Blog Archives
How to Sit With Someone
Posted by Literary Titan

How to Sit With Someone, by John F. Gerrard, is a thoughtful, intimate guide to peer support, rooted in lived experience rather than clinical distance. Gerrard writes about what it means to listen without taking over, to support without rescuing, and to stay present with another person’s pain while still respecting their autonomy. The book moves through ideas like active listening, stigma, self-compassion, boundaries, mutual power, recovery, and the dignity of risk, always returning to the same quiet center: people heal best when they’re met with respect, curiosity, and real human presence. From the opening memory of sitting in a parked car with coffee and a friend, the book frames peer support not as a technique, but as something many of us have already touched in our most honest relationships.
Gerrard doesn’t write from above the subject, and that makes a tremendous difference. He’s willing to admit where he’s overshared, interrupted, misread a moment, or leaned too hard toward fixing.

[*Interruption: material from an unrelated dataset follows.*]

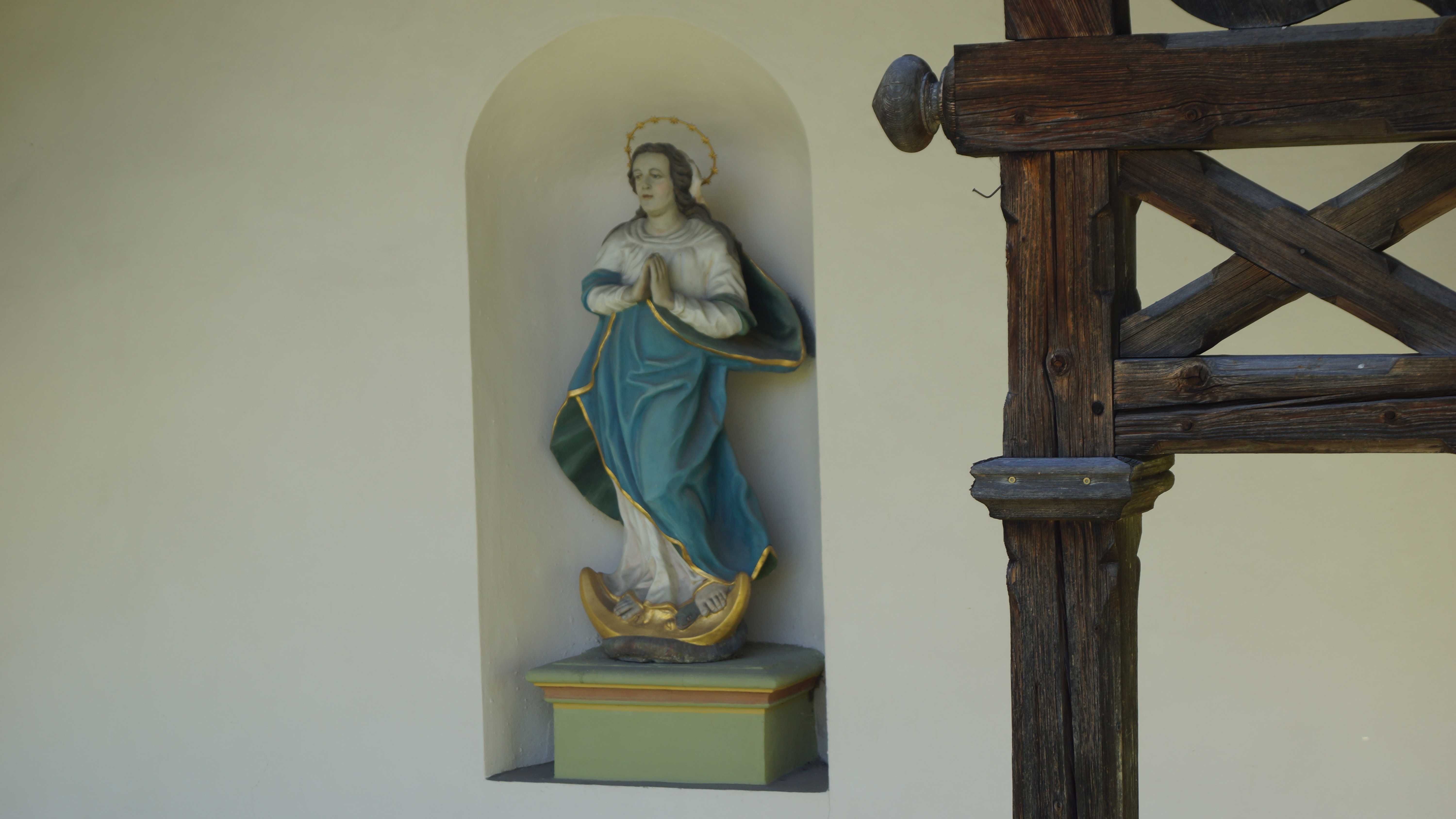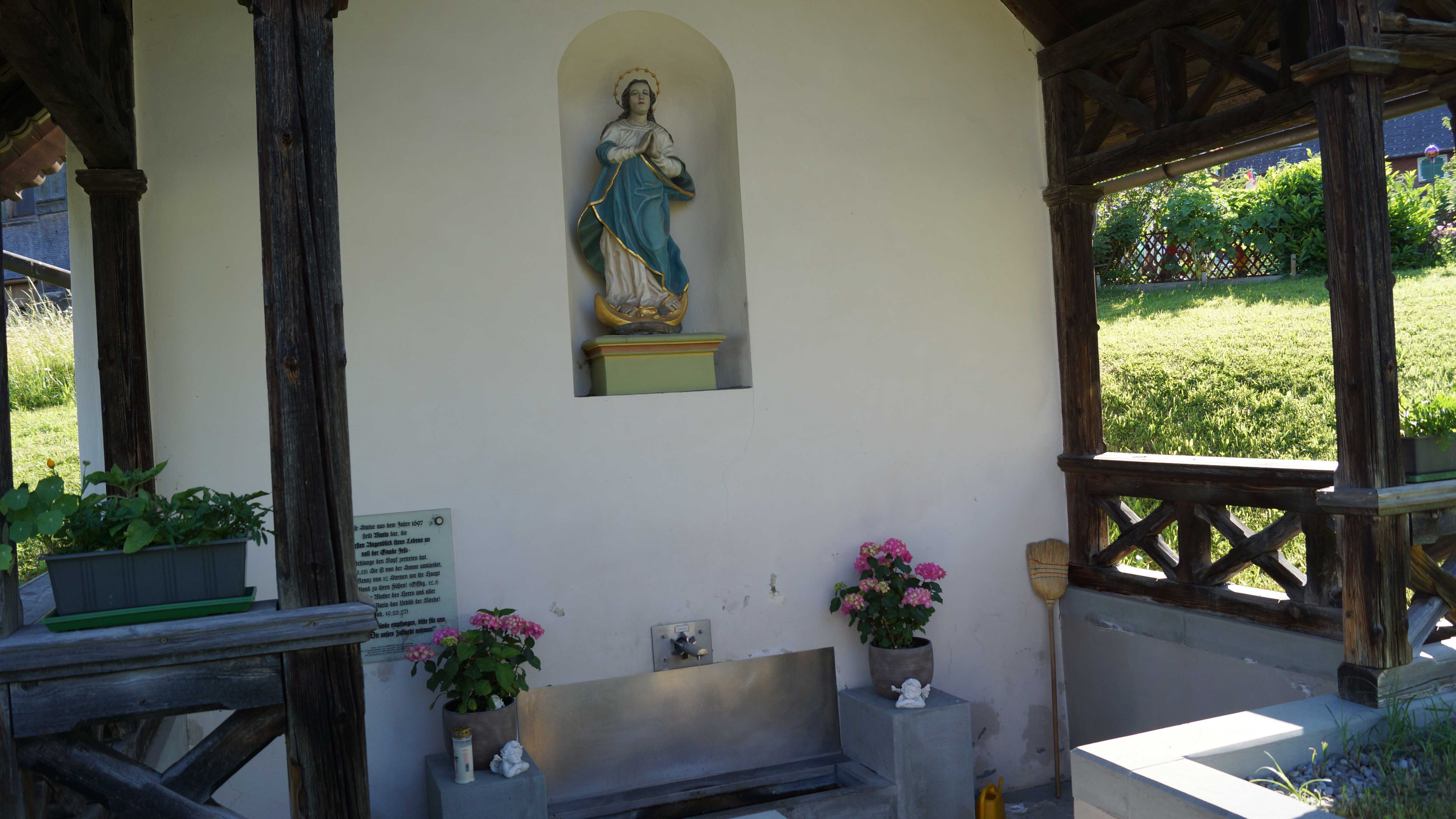 In der Nische befindet sich eine Statue der „Maria Immaculata“ aus dem Jahre 1697.

That honesty gives the book its moral weight. The section on communication, where he recalls someone asking him, “Can you just let me finish?” stayed with me because it captures something so painfully familiar: the way our eagerness to help can sometimes crowd out the very person we’re trying to hear. I also found the discussion of sympathy, empathy, and compassion especially sharp. Gerrard understands how pity can shrink a person, even when it’s well-intended, and he argues for a warmer, steadier kind of presence that doesn’t turn suffering into spectacle.
The writing itself is plainspoken but often quietly beautiful. Gerrard has a gift for taking abstract ideas and making them feel lived-in. Dialogue becomes a racquet sport where the goal is to keep the ball in play. Recovery becomes a direction rather than a badge. Black-and-white thinking is treated with unusual generosity, not as a failure of intelligence, but as a kind of scaffolding the mind may need when life feels chaotic. I loved that nuance. The book doesn’t flatten people into inspirational lessons, and it doesn’t pretend that compassion is simple. Its strongest passages are the ones where Gerrard lets contradiction breathe, especially when he writes about psychosis, stigma, the “tortured artist” label, or the night he resisted using again by shrinking the moment down to small, almost invisible choices. There’s real emotional intelligence in the way he honors both agency and limitation.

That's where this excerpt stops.